Nip a Punitive Damages Claim in the Bud:
Procedural Issues Corporations Should Attack

October 16, 2020

Punitive damages in Florida are meant to punish a defendant for wrongful conduct and deter similar conduct in the future. Once a claim for punitive damages is injected into a case, the landscape of the litigation changes, opening the door to financial worth discovery and increasing the potential value of the claim. The game-changing nature of punitive damages claims highlights the importance of attacking these claims from all angles.

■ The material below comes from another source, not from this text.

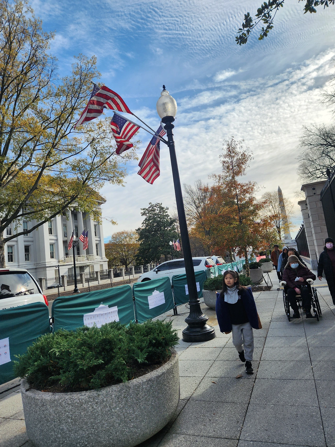 마지막은 백악관을 상징하는 FLAG와 미국 성조기가 나란히 있는 곳에서 사진을 많이 찍는듯했다. 우리는 그 긴 줄을 기다리기 힘들어서 그냥 나왔다. 아이가 화장실에 가고 싶다는데, 그곳에는 PUBLIC 화장실이 없다. 나오면서 가방을 맡겼던 호텔로 가서 화장실을 이용했다.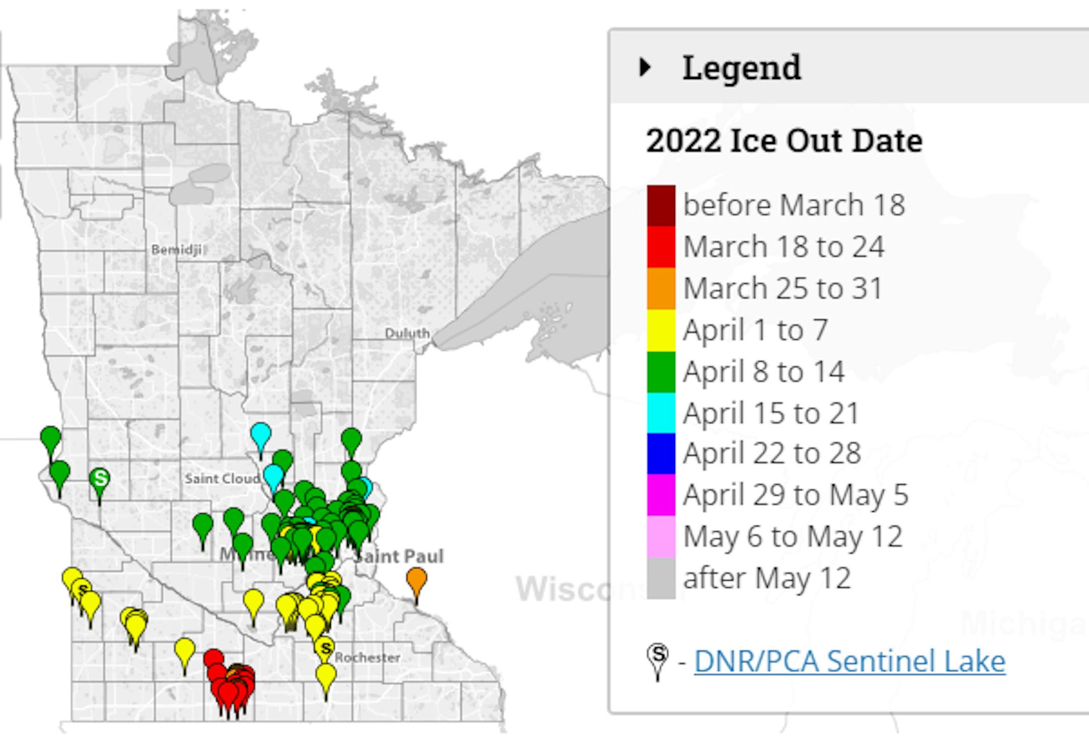 Hey - Look at that! More and more lakes are going ice out in the southern part of the state. However, thanks to a chillier than average month of April so far, several lakes are going out a little later than average. Cedar Lake, Lake Nokomis and Medicine Lake in the metro are officially out. According to the MN DNR, Lake Minnetonka went ice out on April 15th, 2 days later than normal (April 13th). Look for more ice outs over the coming days and weeks. It won't be long now before the land of 10,000 unfrozen lakes returns!

In Florida, a claimant seeking punitive damages must first seek the court’s leave to assert the claim. This step requires the claimant to comply with a pleading component and an evidentiary component. In other words, not only does the claimant have to present evidence demonstrating the defendant’s conduct warrants punitive damages, but the claimant must also comply with a number of pleading requirements, including filing an appropriate motion that attaches the appropriate pleadings, serving the evidence within a certain time period, and sufficiently stating a claim for punitive damages in the proposed pleading. See § 768.72(1), Fla. Stat.; Fla. R. Civ. P. 1.110(f).

Claimants who seek to assert punitive damages claims against corporations must also comply with a heightened pleading standard. Section 768.72(3) requires claimants to plead (and prove) the corporation actively and knowingly participated in the wrongful conduct; the officers, managers, or directors knowingly condoned, ratified, or consented to the conduct; or, the corporation engaged in the wrongful conduct. But corporations act only through individuals. Accordingly, the claimant must demonstrate some fault on the part of the corporation’s corporate officers, directors, or managers. See, e.g., Schropp v. Crown Eurocars, Inc., 654 So. 2d 1158 (Fla. 1995); Tallahassee Memorial Healthcare, Inc. v. Dukes, 272 So. 3d 824 (Fla. 1st DCA 2019).

A claimant who fails to make sufficient allegations of wrongdoing against a corporate officer, director, or manager fails to sufficiently state a claim for punitive damages against a corporation. See, e.g., Dukes, 272 So. 3d 824; Fetlar, LLC v. Suarez, 230 So. 3d 97 (Fla. 3d DCA 2017). Without these requisite allegations, the trial court would have no need to consider whether the claimant’s supporting evidence establishes a reasonable evidentiary basis for the recovery of punitive damages. In such case, the trial court should exercise its gatekeeping function and deny the request to add a claim for punitive damages.

A trial court order that allows the addition of a punitive damages claim without an attendant finding of compliance with the requirements of the statute would depart from the essential requirements of law. These orders are subject to immediate appellate review to determine whether the procedural requirements of the punitive damages statute were complied with.

Therefore, in addition to attacking the sufficiency of the proffered evidence, defendants facing a motion to add a punitive damages claim should be sure to evaluate whether all procedural requirements of the punitive damages statute have been complied with. Corporate defendants in particular should attack any proposed punitive damages claim that does not correctly or sufficiently allege wrongful conduct of corporate directors, officers, or managers. This strategy ensures any arguments attacking the procedural deficiencies of the proposed punitive damages claim are preserved for immediate appellate review.